§ Your task: Everything from the line with "Merry Christmas Gift" through the final line of the listing below must be retyped exactly, apart from the pictures.

§ Data for processing:

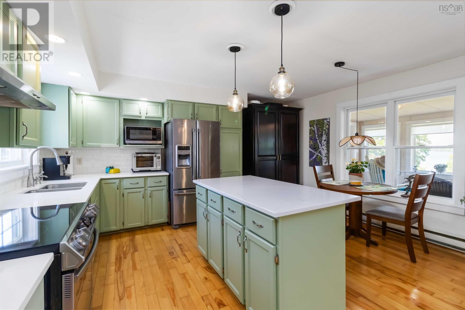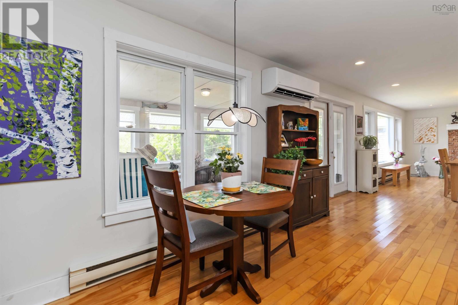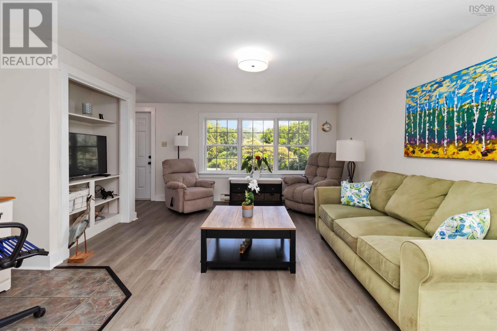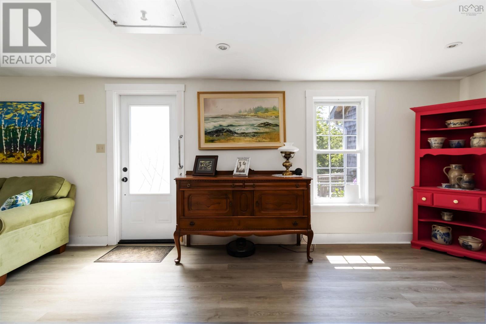 Nestled on a quiet, safe street, is this beautifully landscaped 1.3-acre waterfront property offering privacy, tranquility, and breathtaking ocean views. It is located in the charming coastal village of Port Medway. The grounds are truly exceptional, adorned with mature trees, vibrant shrubs, and perennial flower beds that add colour and charm throughout the seasons. The home is perched at the top of a gently sloping lot, providing elevated views of the gardens, the wharf & the Atlantic Ocean beyond. A true rarity, the property features its own well-maintained wharf and adjacent slipway, providing direct access to the water. At low tide, there is approximately 14 feet of water at the mooring ideal for larger recreational boats. A 16-foot ramp and 10x20-foot float are no longer there but the existing underwater weights remain in place, ready for a future installation. The main floor features a modern kitchen with a large family dining area complete with a propane fireplace, a spacious living room with an office nook, along with two inviting bedrooms, a renovated bathroom and a large laundry room that could be upgraded to a second bathroom. Upstairs, a loft bedroom opens to a private balcony that offers sweeping views of the gardens, the wharf, and Port Medway Harbour. The insulated crawl space and heat pump add energy efficiency and comfort. If the power goes out - no problem. The home has a propane powered 17kw Cummins generator that was installed in 2022. Previously there was a wood stove in the living room which could be replaced if desired. Furniture can be negotiated as part of the sale. Four outbuildings on the property provide ample room for storage, hobbies, &gardening. Two of these sheds are wired, making them perfect for workshops or studio use. This peaceful retreat is just a short stroll to the village park, local store and gift shop. (id:4069)
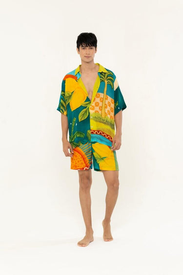 Our bestselling men’s shirt, built for ease and impact. The day-to-night resort silhouette features the Abandoned Odyssey placement print — a sprawling landscape graphic brought to life on fluid viscose silk. A contrasting solid collar adds just the right amount of structure.
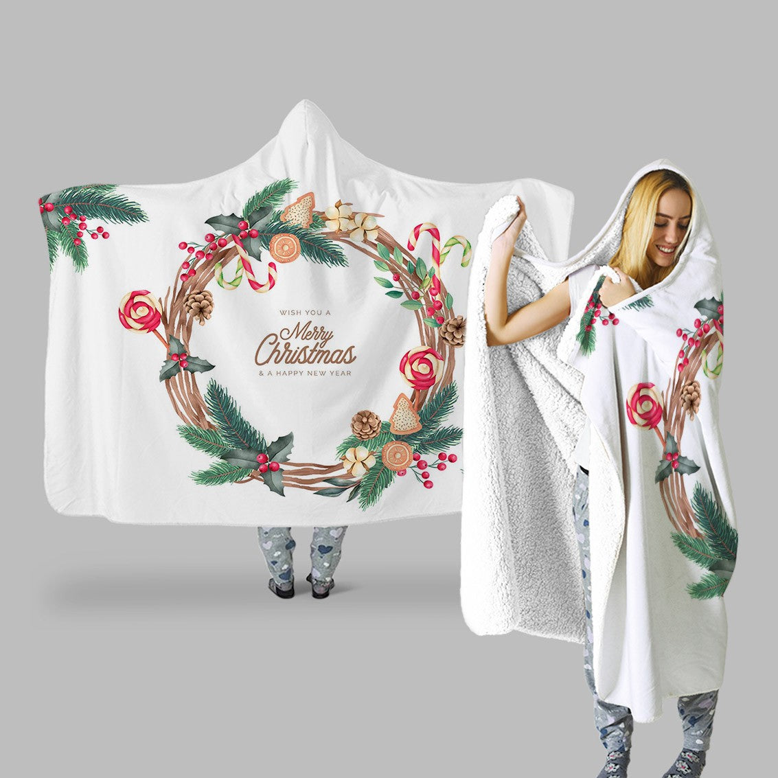 Merry Christmas Gift Floral Flowers Green Personalized Hooded Throw Blanket Fleece Hoodie Cape
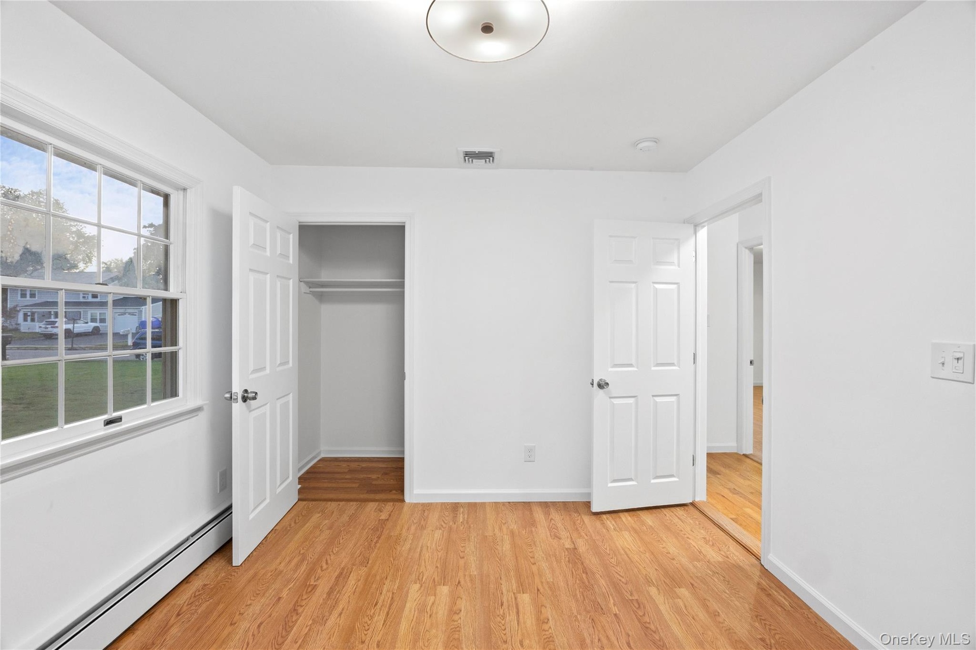 - Unfurnished bedroom with a baseboard radiator, light wood finished floors, and a closet
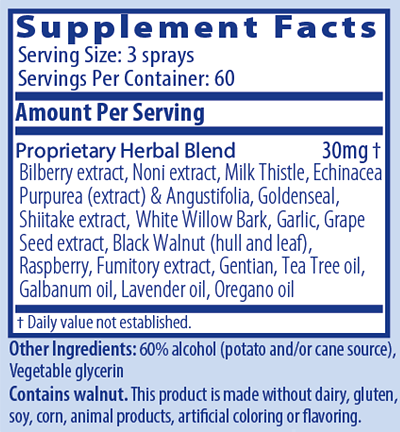 The nasal/pharynx region is an important part of maintaining healthy respiration for seasonal wellness. Biocidin® Throat Spray brings all the effectiveness of Biocidin® directly to the throat.

§ Answer section:
 Merry Christmas Gift Floral Flowers Green Personalized Hooded Throw Blanket Fleece Hoodie Cape
 - Unfurnished bedroom with a baseboard radiator, light wood finished floors, and a closet
 The nasal/pharynx region is an important part of maintaining healthy respiration for seasonal wellness. Biocidin® Throat Spray brings all the effectiveness of Biocidin® directly to the throat.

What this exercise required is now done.